For Simi Valley/Moorpark, inventory was up 54% compared to last year. The majority of listings, roughly 2/3 of the total, is priced below $1 million. Median prices decreased 5%, while average pirces decreased 2%. That plus lower mortgage rates contributed to a 9% increase in sales. Time-on-mls increased from 30 days last year to 50 days this year. Sales are taking longer, more price negotiation is being done. This does not yet signify a change from a sellers market to a buyers market, but it does indicate both sides now have similar negotiating power.
We are no longer looking at dramatic change, but more at stability. We are operating at a plateau. Homeowners need to understand that their properties are no longer experiencing double digit increases, and real estate practitioners may not be happy that there are fewer homes being sold than in past history, but plateaus can be healthy and normal or the market.

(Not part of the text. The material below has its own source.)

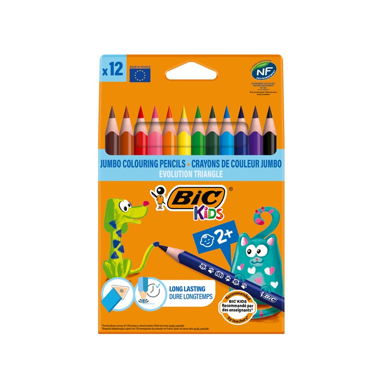 Matite in resina senza legno. Facili da temperare. Non fanno schegge se spezzate. Mina ultraresistente. Difficili da rosicchiare. Colori brillanti. Fornite in astuccio in cartone appendibile. Fusto triangolare ampio per la primissima infanzia (con 55% di materiale riciclato e certificazione ecologica NF Environmenti).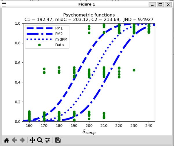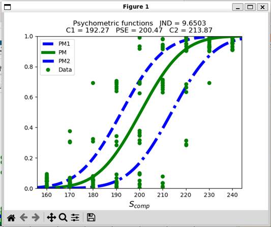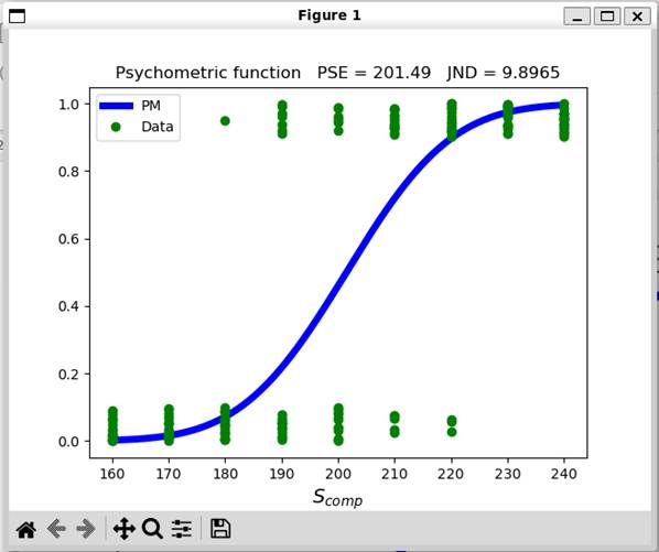弁別閾・丁度可知差異あるいは主観的等価点は、理論的には心理測定関数(psychometric function: PF)により与えられる(岡本、2025)。

Stability is good. One of the words most recently to describe today’s economy is CHAOTIC. Better stability than chaos.
You could call this a breather, a rest, or a market rationalization. Maybe it is just what the market needs.
Stay safe out there. Enjoy your Thanksgiving holiday, there is much to be thankful for. And as we prepare for the holidays at the end of they year, we can be thankful for friends and family and good health. Those are difficult to graph. Just be thankful.
And, on this Veterans Day, special thanks to those who have served this country in the military.